The poems that comprise the middle of the chapter, most of which address caution, rational thinking, and doubt, tend to alternate with poems that express the ecstasy of love and the sweet, irresistible connection between the lovers. In the latter, there is no doubt about their passionate physical attraction. In the poem that begins with “he makes sure to look right at me” (165), she is thrilled to the roots of her being by her partner. When he puts a finger on her skin, she writes, “i quiver with anticipation”; “he sparks enough electricity in me to power a city,” and what follows, the act of love, is “magic,” she tells him. However, in “if only we’d met when i was that willing” (168), she laments that she feels “too emotionally naked” and that her vulnerabilities make her very difficult to love. In the very next poem, she confesses her love to the ocean, but in “i say maybe this is a mistake” (170), which follows immediately, some doubts recur. However, the speaker cannot resist her lover’s charm and his kisses, and she concludes with the enigmatic thought, “even if this is a mistake it could only be right to be this wrong with you.” In “checklist” (172), she wants to make sure that her partner really is the one she wants to spend her entire life with, and she asks herself some penetrating questions—“deep at the core are our values the same—.” This rational approach then immediately gives way in the next poem to a confession of deep, transforming love. This is “the sun and her flowers,” the poem that gives the book its title.

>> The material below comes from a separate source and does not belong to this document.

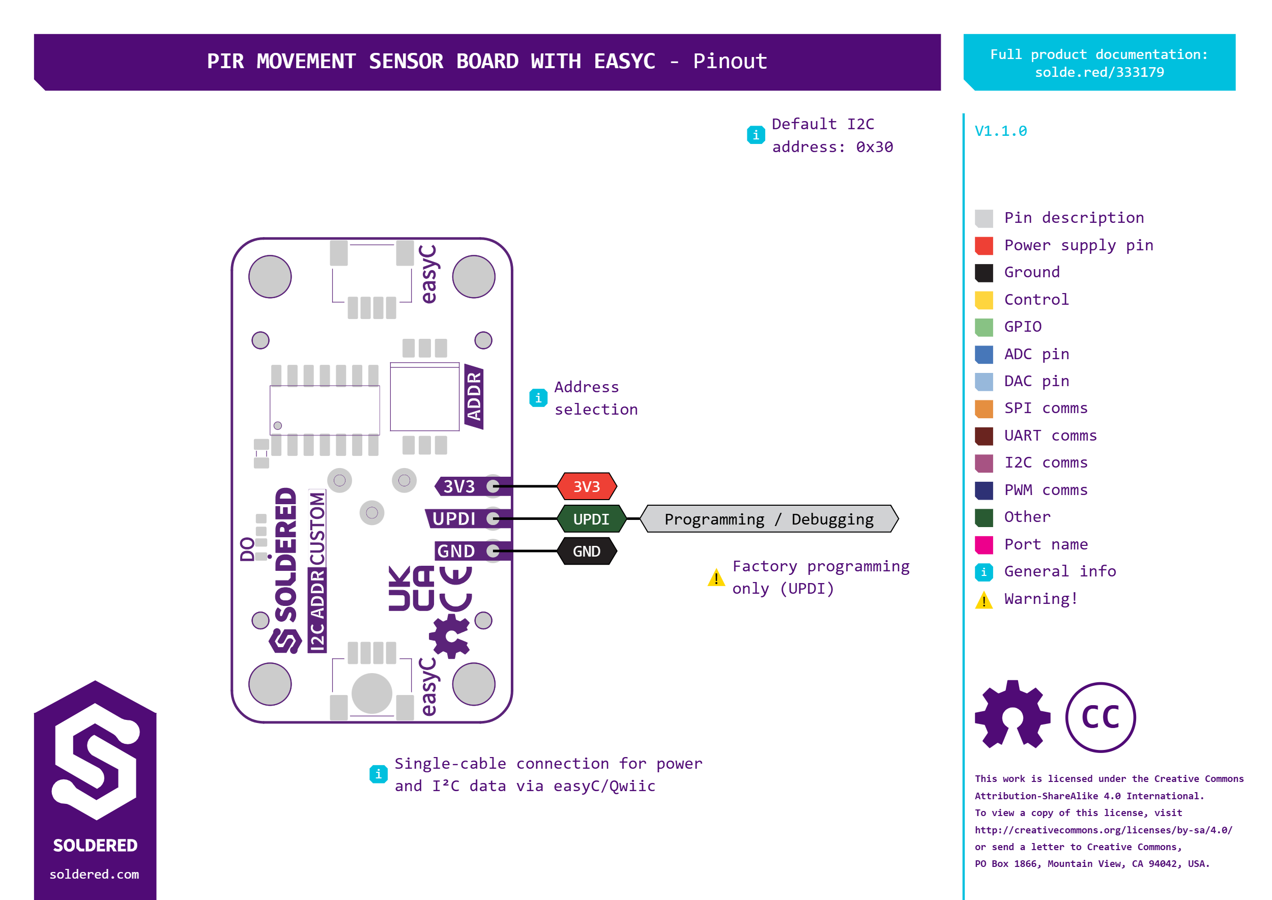 Naša breakout ploča pojednostavljuje korištenje PIR senzora koristeći easyC tehnologiju, čineći je lako povezivom s mikrokontrolerima ili drugim krugovima. Prihvaća ulaz s PIR senzora i prevodi ga u signale koje vaš mikrokontroler može interpretirati. Pored već spomenutnog PIR senzora, na pločici se nalazi i maleni ATTiny404 mikrokontroler, kao i prekidač za izbor I2C adrese. Ova breakout ploča dolazi s 2 easyC konektora za jednostavno priključivanje u easyC sustav. Ukoliko ne želite koristiti easyC, modul je moguće koristiti i preko standardnih headera.

In some of the speaker’s favorite imagery, she says that just like sunflowers rise when the sun shines on them but droop when the sun goes down, her beloved’s presence and absence have the same effect on her.

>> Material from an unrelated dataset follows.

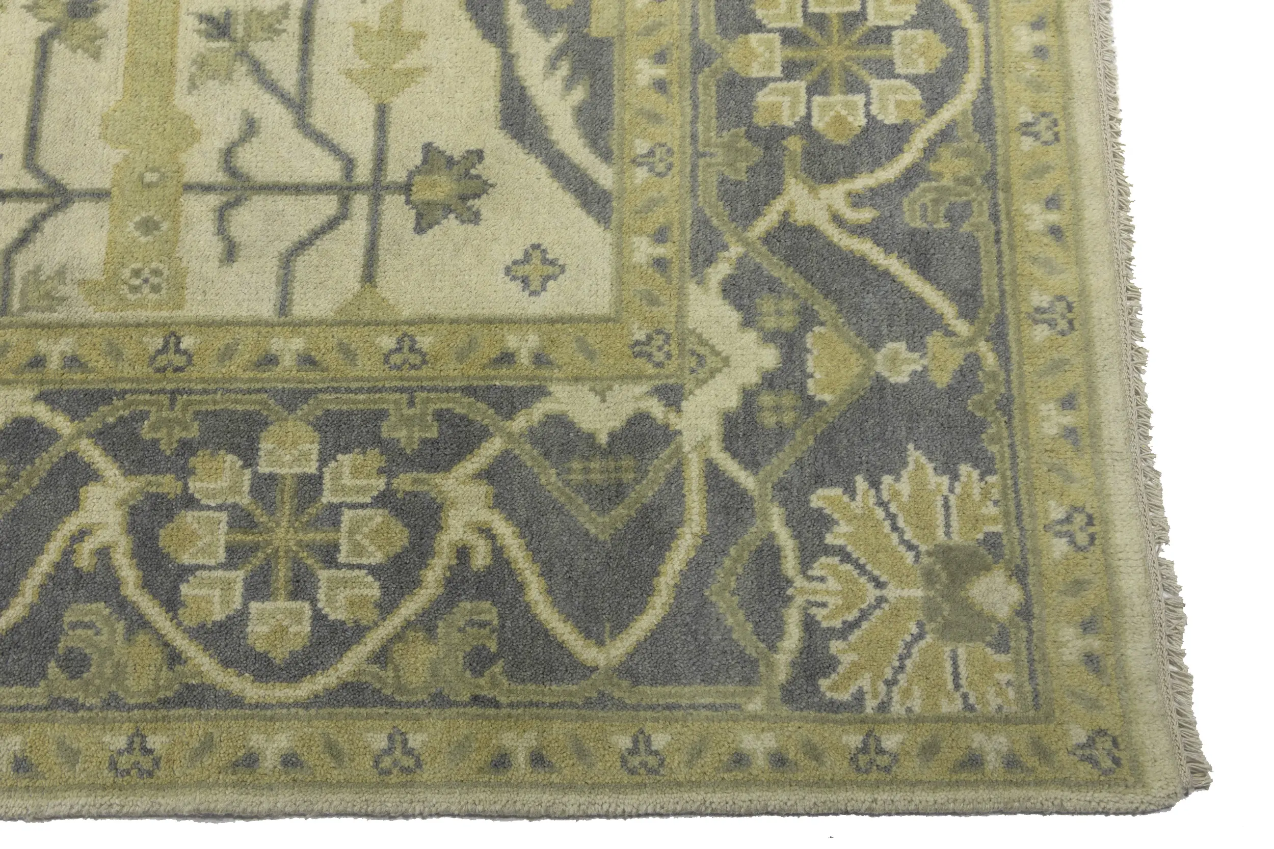 This original 8X8 cream new Oriental rug was finely knotted by the hands of weavers influenced by a variety of amazing artistic designs, to recreate the aged look of the exceptional piece with a richness of color and embellished background field. What set this vintage style Oriental area rug from the others are the material and dye used (wool pile and cotton foundation), knot count, antique designs, fantastic grades, and its regional historical connection: it has deep roots, from the story of the people who produced it to the meaning of the symbols and colors displayed across its canvas that have been praised for centuries. This Indian home décor carpet will be completely cozy and inviting that never will go out of style! Also, this Oriental rug would be among your most valuable treasures, it is a great investment that increase in value over time, and it will last a lifetime because was woven with high-quality, all-natural wool. Eco-friendly, opulent yet affordable; this rug will give you an extra pop of character to help define your home environment with luxury and warmth that will capture the eyes and attention of your audience (homeowners, designers, decorators, family and friends).

The latter part of the chapter is dominated by the ocean of love with which the speaker is blessed. Questions and doubts fade away, and romance and eroticism abound. The titles of some of the poems convey the essence of it: “I love you” (174), “sex” (177), “orgasm” (187), etc. Using her now familiar nature imagery, the speaker tells the flowers “what I’d do for you / and they blossomed” (176). In the cosmic imagery she also uses quite often, she notes in the poem that begins with “the moon is responsible” (181) how the moon pulls the tides; she compares herself to the still water and her lover to the moon—that is, like the effect of the moon’s gravity on the oceans, he pulls her irresistibly toward him. Continuing in imagery of the same vein, she writes in an untitled poem consisting of only five short lines and 12 words, “we are two suns” (183).
Commitment is also a theme in this section of the chapter. In “fingers” (175), the speaker assumes that she and her partner will still be together in old age. Continuing the theme of lifelong love, in “commitment” she extends it to future incarnations. After she dies, she says, she will “find you / in every lifetime” (186), and she also thinks they have known each other in a former lifetime (“another lifetime” [188]).
In the final poem (193), which is actually a prose paragraph, she takes a step back, reflecting on the previous year, describing it as “one of the greatest and most difficult years of my life.” Among other things, she learned that “love is about giving everything. and letting it hurt.” She also realizes that everything comes together with its opposite—“pain and joy” for example—and this makes up the “balance of the universe.”